I have hiked this trail many times in the past on various short and long hikes. The first time, in January 2019, I was joined by then hiking partners Jacques (Jack) from Quebec, and Misty, who had just moved here from Colorado. We hiked it as a point-to-point to Mt. Kimball ending at the Finger Rock trailhead on the south slope of the Catalinas. Most recently, in November 2024, I hiked it with Misty (Jack only hiked here a couple-three years), a brutal 14.5 miles round trip to Kimball—brutal because of the sketchy, deteriorated, and frankly dangerous upper reaches that still hadn't remotely recovered from the devastating fire in 2020 that burned 130,000 acres of the Catalinas. The trail still shows many scars from that fire, even at the better-maintained lower reaches.

Today's weather was pretty danged perfect, mid 60s at the start and a little cooler further up, a little cloud cover, and not a whole lot of other hikers, especially after about a mile in.


I included data from my watch (on the right) mostly for my
own accounting.




The trail starts at the end of McGee road, and abuts a development of rich folks homes, who apparently feel it is their right since they are, well, rich.

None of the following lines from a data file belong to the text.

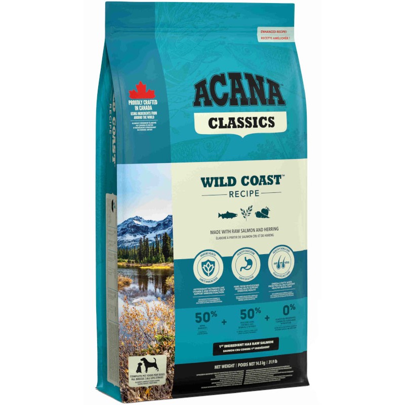 Acana Wild Coast to karma naturalna dla psów,na każdym etapie życia- karma z rybami: śledź, stornia, morszczuk. Podając produkty z serii Acana Classic masz pewność, że Twój ukochany czworonóg otrzymuje pełnowartościowy posiłek najwyższej jakości z bogatą zawartością mięsa ryb , ponieważ pies jest carnivore tzn musi dostawać mięso i tym modelem żywieniowym kieruje się Acana
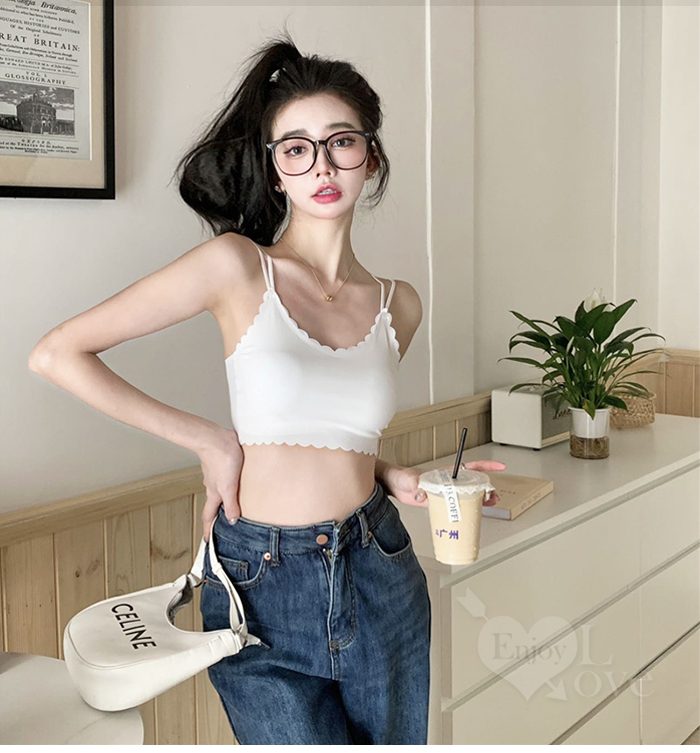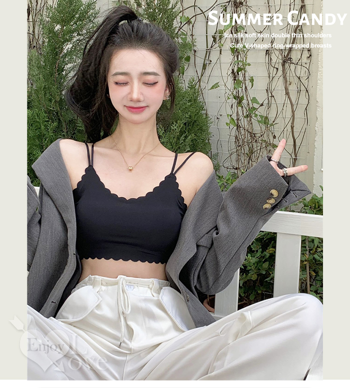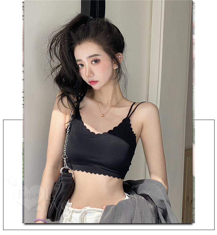 冰絲柔滑寬版肩帶修身裹胸背心﹝黑﹞
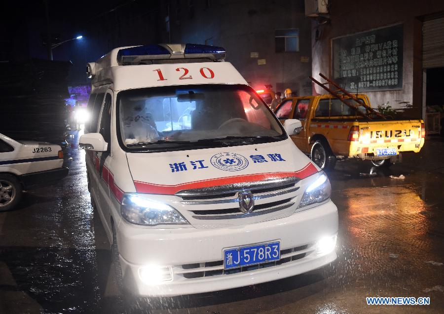 An ambulance stops at the accident site in Daxi Town of Wenling City, east China's Zhejiang Province, July 5, 2015. The Jieyu Shoe Factory in Daxi Town collapsed Saturday afternoon, leaving six people dead. (Xinhua/Han Chuanhao)
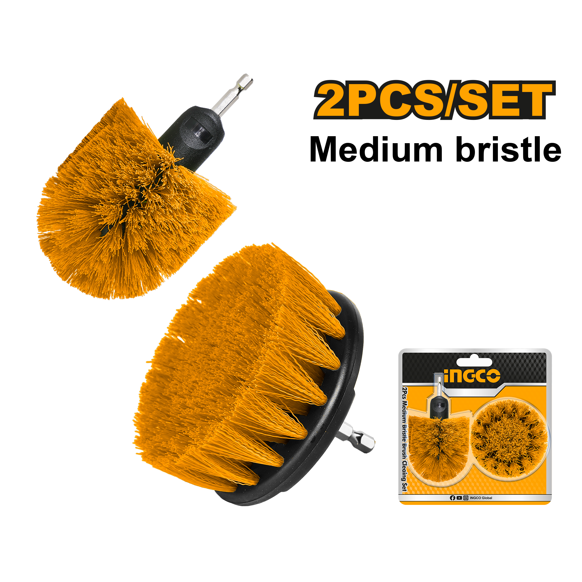 The 2 Pcs Medium Bristle Brush Set – WCBM2335 includes one 360-degree medium brush and one 3.5in medium bristle brush, both designed with a 1/4in hex shank for easy attachment to power tools. Featuring durable nylon bristles, these brushes are ideal for kitchen, bathroom, and outdoor cleaning applications, offering long-lasting performance. The set is securely packed in a double blister for safe storage and handling.
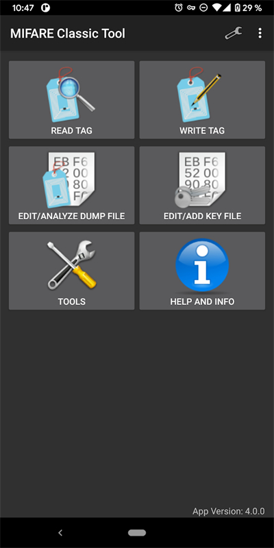 1、手机中安装MiFare Classic Tool (MCT),并开启手机的NFC
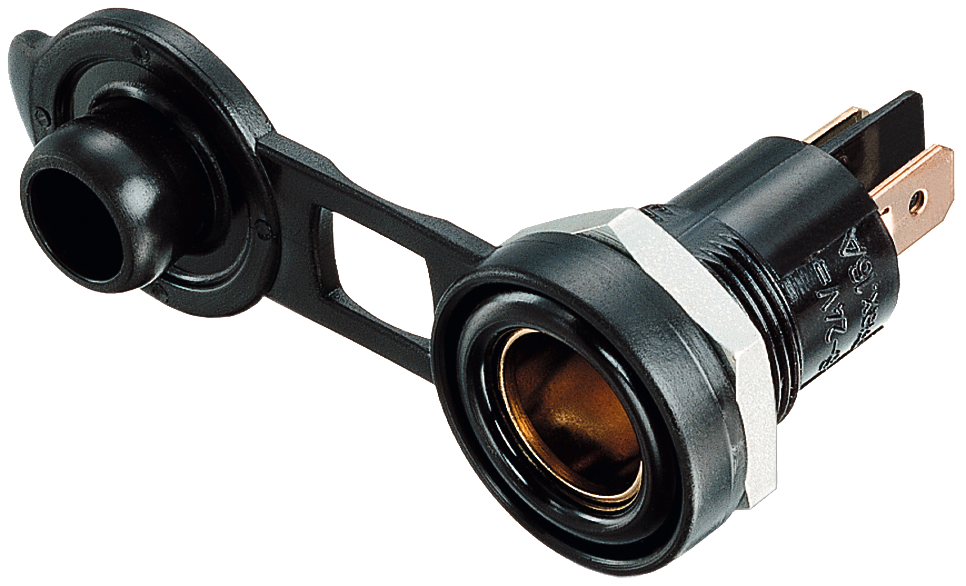Mit Flachsteckeranschluss 6,3 mm, Deckel zum Schutz vor Staub und Spritzwasser.
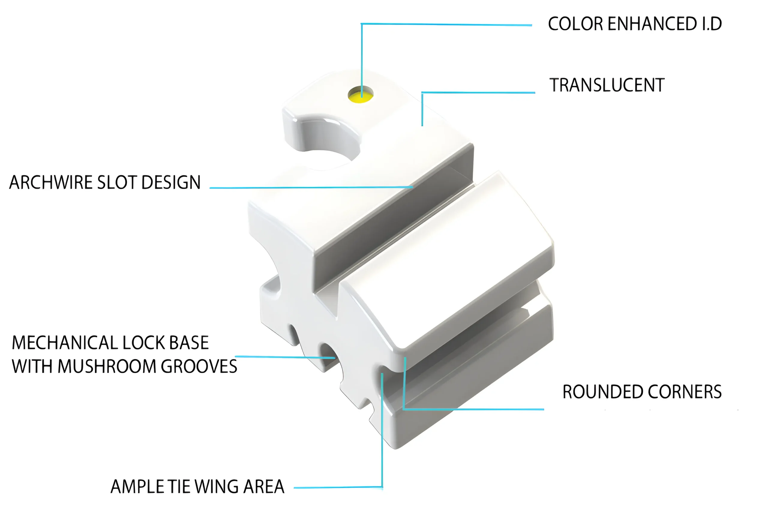 - Dove tailed grooves on the bracket base allows excellent adhesion of the bracket base to the tooth surface.
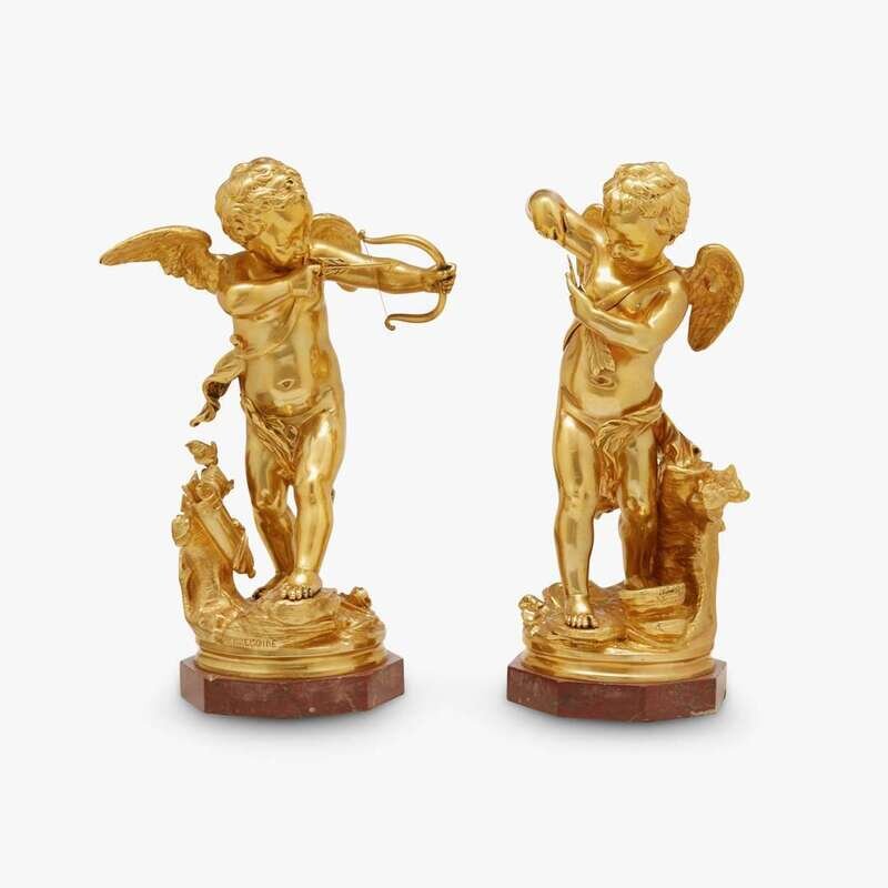 Comprising two gilt bronze models of cupid, one depicted aiming his bow, the other admiring his arrow, each signed in cast "L. Gregoire" and raised on rosso marble base. (2).
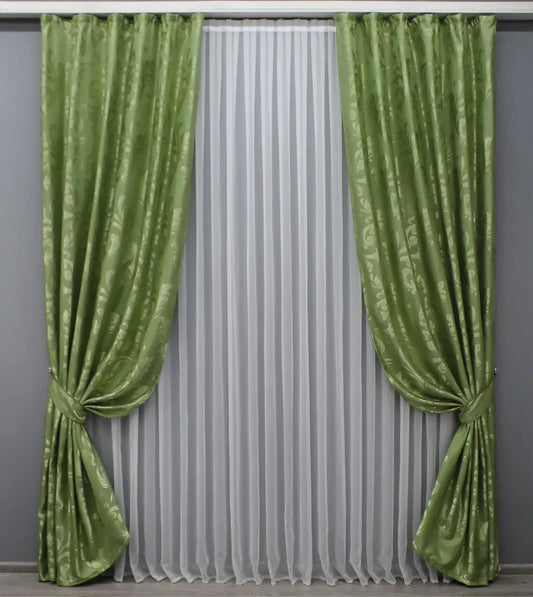 Elegant Light Green Jacquard Curtains – Lilia Collection – Set of 2 – 65% Light Blocking
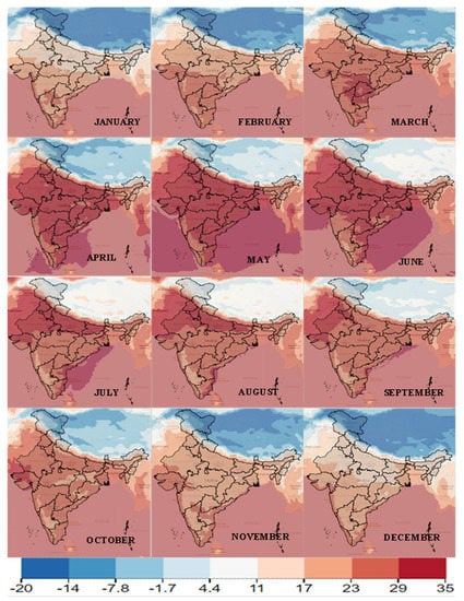 Satellite data of the monthly temperature pattern of India over 41 years.
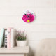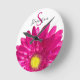 Pretty Hot Pink Daisy Custom Name and Monogram Round Clock
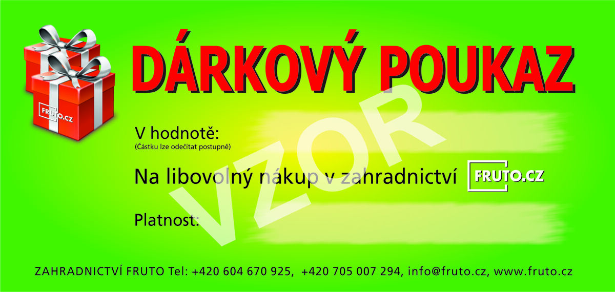 UPOZORNĚNÍ: POUKAZ BUDE VYHOTOVEN K OSOBNÍMU ODBĚRU V ZAHRADNICTVÍ FRUTO. POŠTOU NEZASÍLÁME. DĚKUJEME ZA POCHOPENÍ.

One last abode a few hundred yards in after which we are rid of them.





Lots of easy ambling paths mixed in with some rather more challenging and rocky sections.



The Hohokam mortars, not sure their exact age but well over 1,000 years I imagine.



Hohokam Culture (from the National Park Service)

The word Hohokam is a Piman language term for “all used up” or “exhausted,” and the name given by archeologists to the ancient farming peoples of the southern deserts of Arizona. The Hohokam lived in the Phoenix Basin along the Gila and Salt Rivers, in southern Arizona along the Santa Cruz and San Pedro Rivers, and north on the Lower Verde River and along the New and Agua Fria Rivers. Hohokam influences were even more widespread, with Hohokam-style architecture and artifacts as far north as Flagstaff, Arizona, south into northern Sonora, Mexico, and east into southwestern New Mexico.

The Hohokam were, in the words of archeologist Emil Haury, “masters of the desert.” Their cultural pattern existed from the first years A.D. through about A.D. 1450, barely 90 years before Spanish explorers arrived in the Southwest. During this time, they achieved remarkable successes. The Hohokam are probably most famous for their creation of extensive irrigation canals along the Salt and Gila rivers. In fact, the Hohokam had the largest and most complex irrigation systems of any culture in the New World north of Peru. Not even the complex societies in Mesoamerica had such extensive irrigation canals. Accompanying the canals were extensive villages that covered hundreds of acres and were occupied by several hundred people. Within the villages were monumental public works. Early in the Hohokam cultural sequence these consisted of ball courts and small, low, circular mounds made of earth. Later, the low circular mounds were replaced by much larger, rectangular “platform mounds” of earth, rock, and adobe covered with structures and courtyards built on top.

Hohokam villages are remarkable in the ancient Southwest for their stability. Unlike ancient pueblo towns, which often were abandoned after a few decades, some Hohokam villages were continuously occupied for up to 1,500 years or more. Hohokam villages also show that society was organized in a hierarchical fashion. The Hohokam represent one of the largest and most complex societies in the Southwest. At the cultural peak of the Hohokam in the “Classic” period of the A.D. 1100s through 1400s, there were tens of thousands of Hohokam people living in large villages scattered throughout the Phoenix and Tucson basins. Hohokam farmers truly had mastered the desert, in the sense that they were able to successfully grow crops in the same locations for hundreds of years and create a large, well-organized, prospering society.

Why this once-flourishing cultural pattern came to an end remains a mystery. Whatever the answer, however, people remained, descendants of whom include the Pima and Tohono O'odham of southern Arizona.